Action item » Pictures excluded, retype the lines from the one containing "A magnificent presentation-copy" through the last line of the data below, both included.

Information supplied »
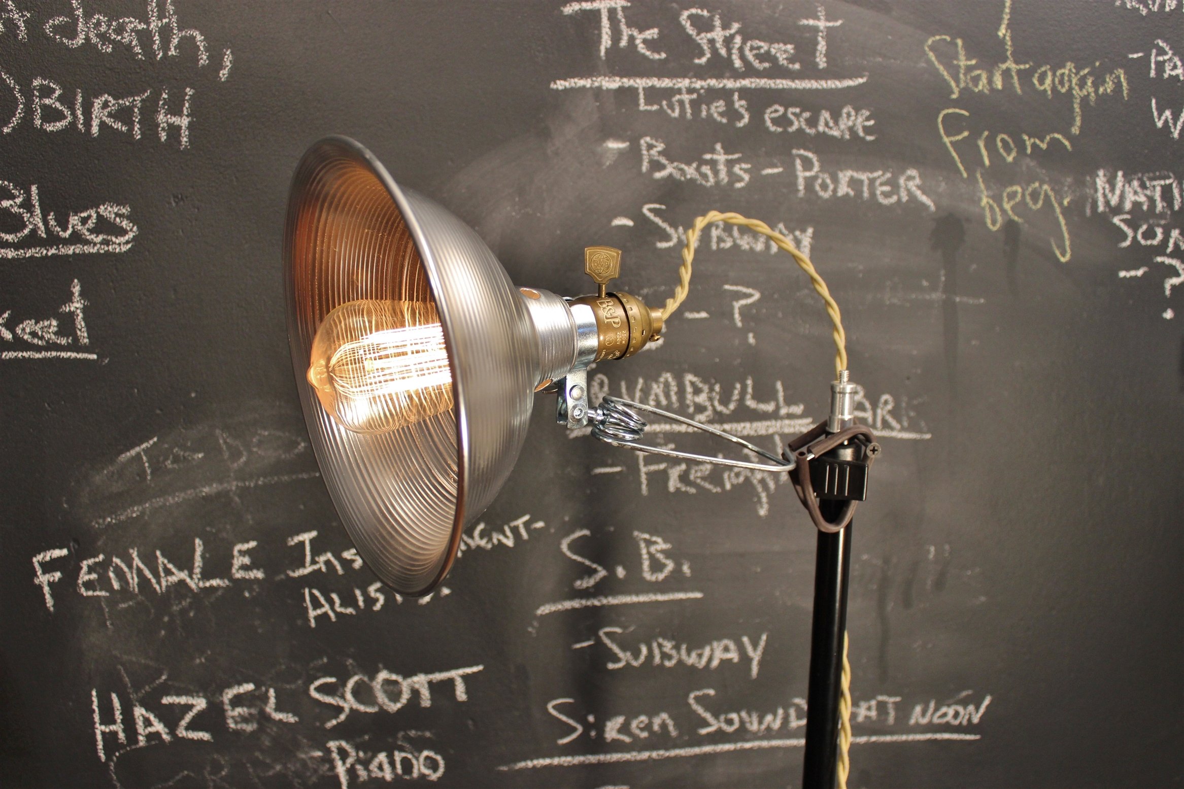 There are clamp lamps aplenty on the market, but we just weren’t satisfied with plastic sockets and drab rubber cords, so we came up with this handsome little antique style clamp lamp with period-correct trimmings.
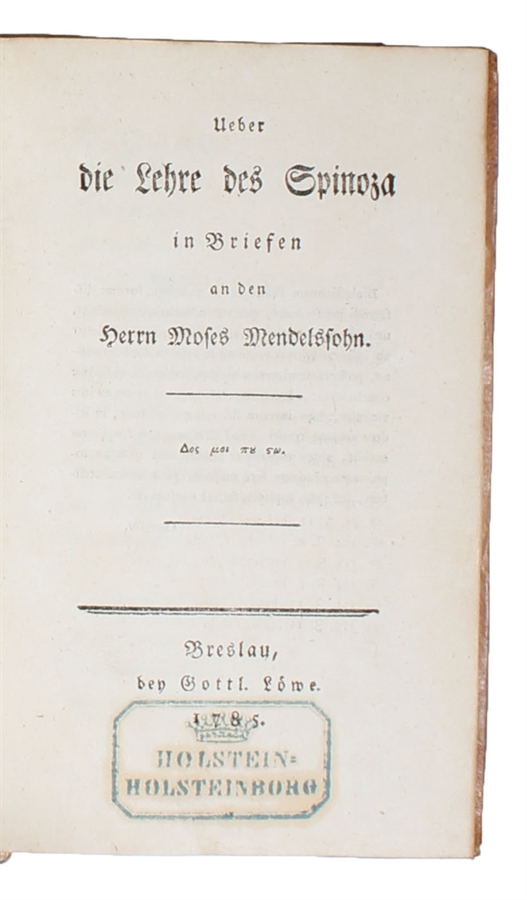 A magnificent presentation-copy of the rare first edition, first issue (with the "S. das Gedicht am Ende des Briefes"-note on p. 11) of this milestone of 18th century thought, one of the most scandalous books of its time, the work that reintroduced Spinoza to a society otherwise dominated by French Enlightenment thinking, and the work that begain the famous "Pantheismusstreit", one of the most important feuds in German philosophy.
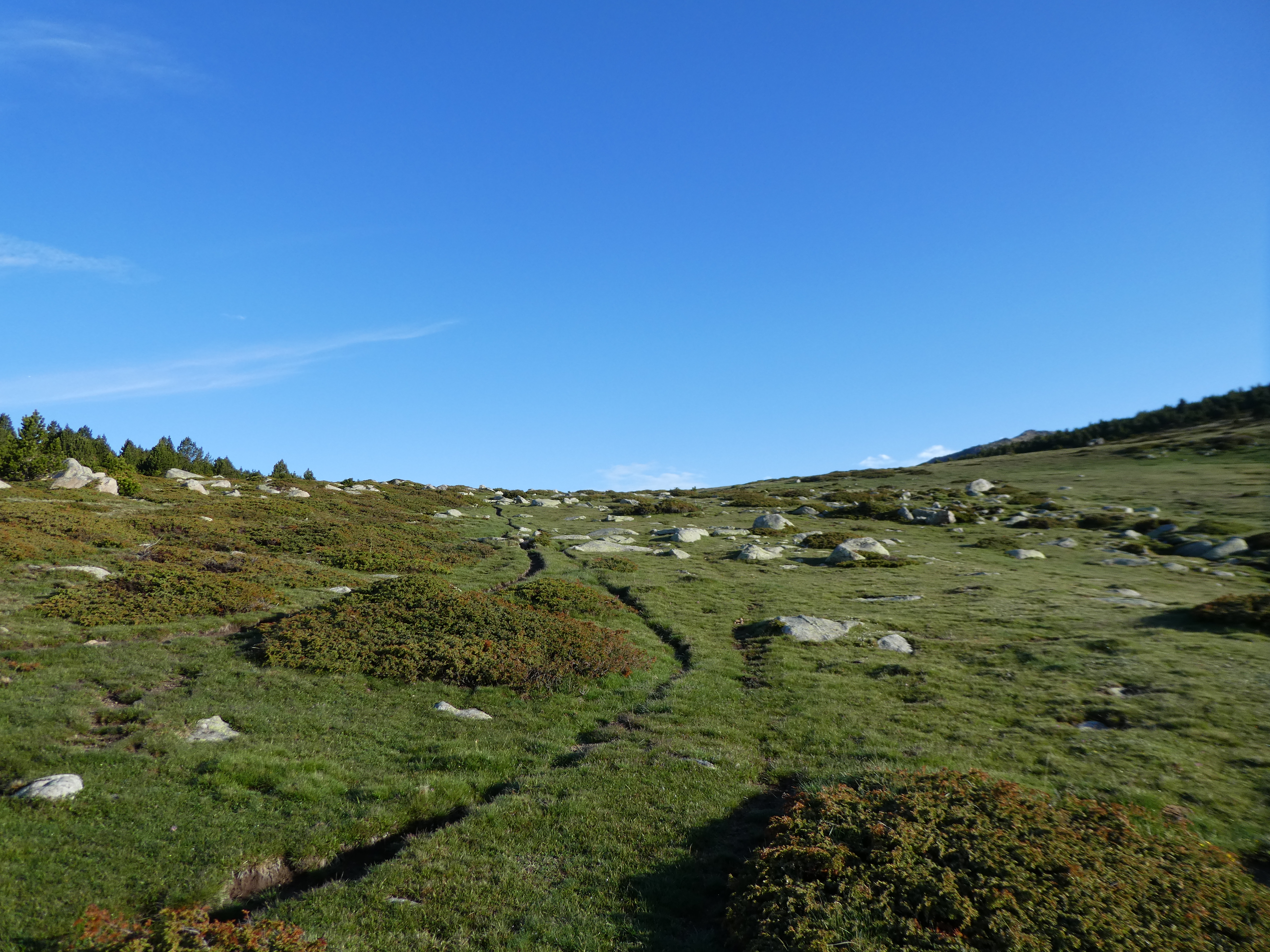 Dès que les laquets des Estanyets sont visibles (1300 mètres après la Portella de Bac d'Hortell), descendre vers ces derniers puis les contourner par l'Ouest direction els Estanyets
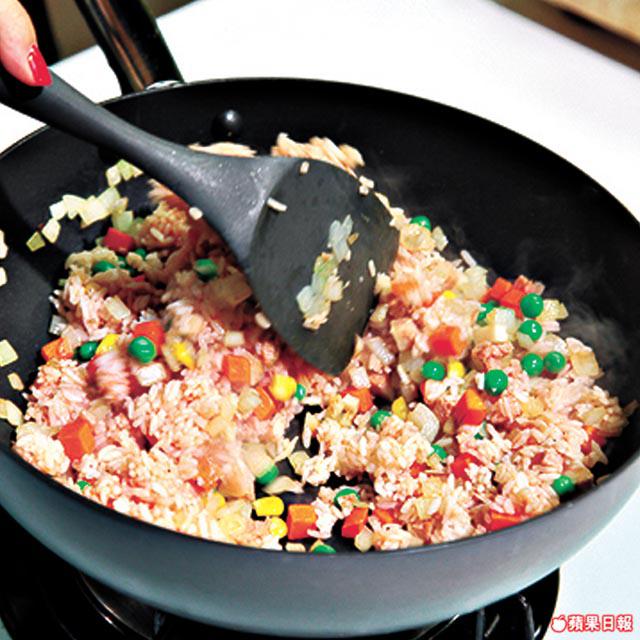 2.燒熱鑊下油,爆洋葱至微黃,加入三色菜和素肉丁同炒,再分批放已調味的飯,並炒至乾身後盛起備用。

Answer space »
 A magnificent presentation-copy of the rare first edition, first issue (with the "S. das Gedicht am Ende des Briefes"-note on p. 11) of this milestone of 18th century thought, one of the most scandalous books of its time, the work that reintroduced Spinoza to a society otherwise dominated by French Enlightenment thinking, and the work that begain the famous "Pantheismusstreit", one of the most important feuds in German philosophy.
 Dès que les laquets des Estanyets sont visibles (1300 mètres après la Portella de Bac d'Hortell), descendre vers ces derniers puis les contourner par l'Ouest direction els Estanyets
 2.燒熱鑊下油,爆洋葱至微黃,加入三色菜和素肉丁同炒,再分批放已調味的飯,並炒至乾身後盛起備用。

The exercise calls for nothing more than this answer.